On Pitfalls of $\textit{RemOve-And-Retrain}$: Data Processing Inequality Perspective
Junhwa Song, Keumgang Cha, Junghoon Seo
TL;DR
This paper challenges the reliability of ROAR and its variant ROAD as universal benchmarks for feature-importance explanations. By framing attribution informativeness through a data-generation causal model and applying a conditional data-processing inequality, the authors show that post-processing agnostic to the model can unintentionally improve ROAR scores without increasing information about the decision function. They demonstrate, both theoretically with DPI arguments and empirically across CIFAR-10, SVHN, and CUB-200, that blurriness-inducing post-processings and block-based masking can depress ROAR performance even when the underlying attribution provides less model information. The work cautions researchers to beware data-structure biases and calls for broader, more robust perturbation-based evaluation frameworks beyond ROAR.
Abstract
Approaches for appraising feature importance approximations, alternatively referred to as attribution methods, have been established across an extensive array of contexts.

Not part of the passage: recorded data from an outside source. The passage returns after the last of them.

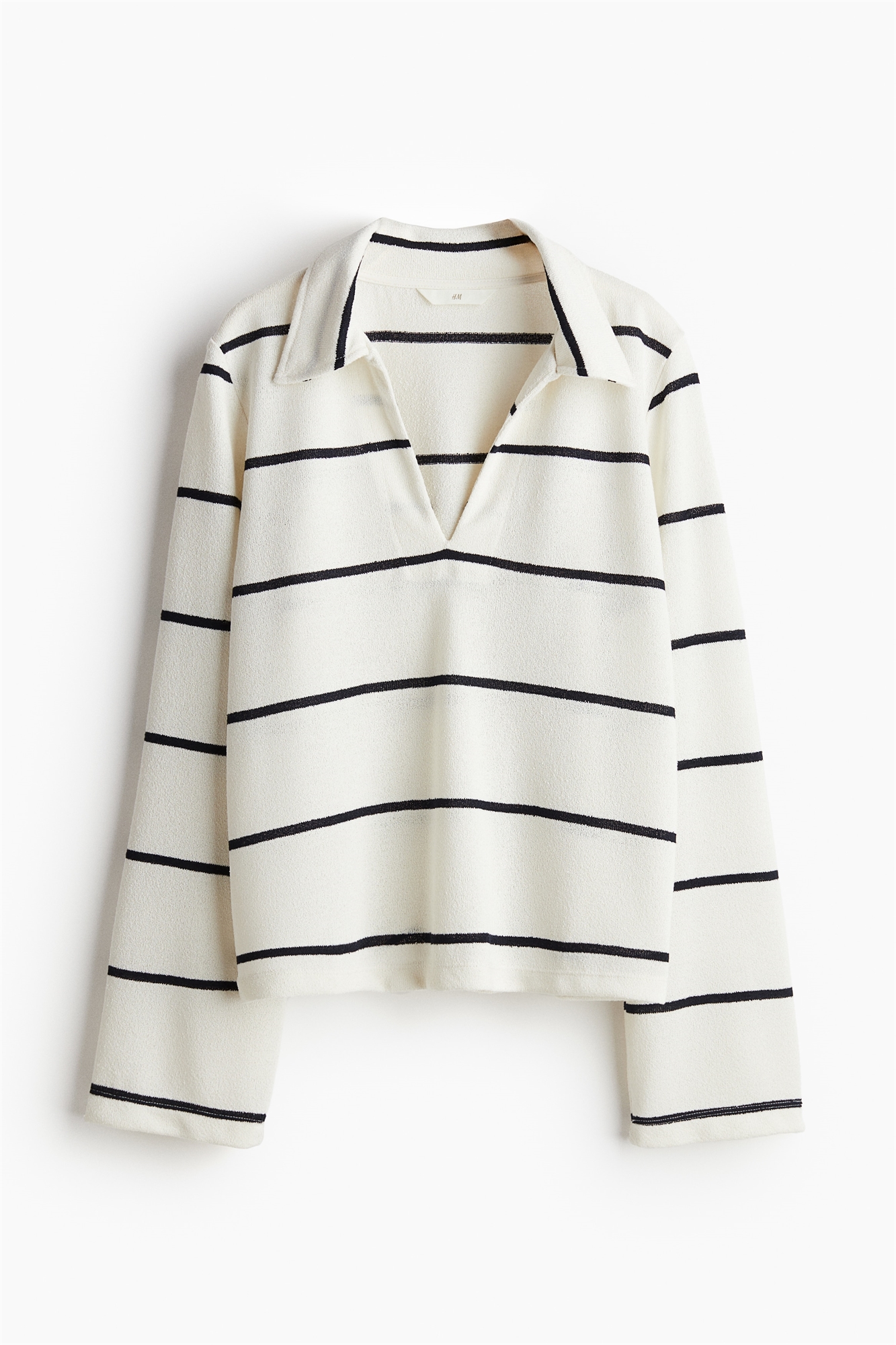 Свободная рубашка с длинными рукавами из легкого фактурного джерси с воротником и V-образной проймой.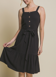 Brooke Button Front Tie Waist Sleeveless Dress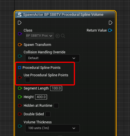 Simply provide the actor with an array of spline points, and ensure to set **Use Procedural Spline Points** to **true**, and SBBTV will create a spline volume using these points. All other exposed variables can also be set, giving you complete control over the look and behaviour of your spline volumes in this scenario.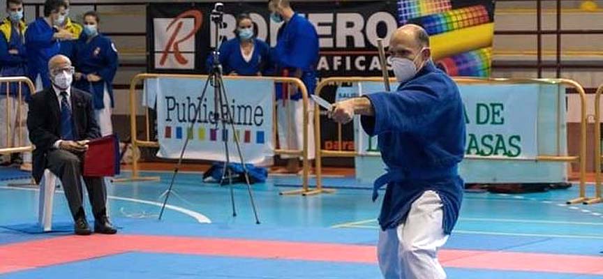El cuellarano Juan Antonio Velasco se alzó con la medalla de oro en categoría individual en kárate tradicional en el VII Campeonato de España de veteranos celebrado este fin de semana en Jaraíz de la Vera en Cáceres. Un campeonato que se celebró a puerta cerrada y sin público en las gradas, al tiempo que se respetaron todas las medidas de seguridad e higiene fijadas por la federación para todas las disciplinas a causa de la pandemia de COVID-19.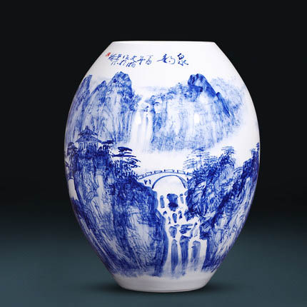 Vase en porcelaine de ma?tre paysage et pont peint à la main

The development of resilient techniques for performance benchmarking constitutes a critical concern in the sphere of explainable deep learning. This study scrutinizes the dependability of the RemOve-And-Retrain (ROAR) procedure, which is prevalently employed for gauging the performance of feature importance estimates. The insights gleaned from our theoretical foundation and empirical investigations reveal that attributions containing lesser information about the decision function may yield superior results in ROAR benchmarks, contradicting the original intent of ROAR. This occurrence is similarly observed in the recently introduced variant RemOve-And-Debias (ROAD), and we posit a persistent pattern of blurriness bias in ROAR attribution metrics. Our findings serve as a warning against indiscriminate use on ROAR metrics.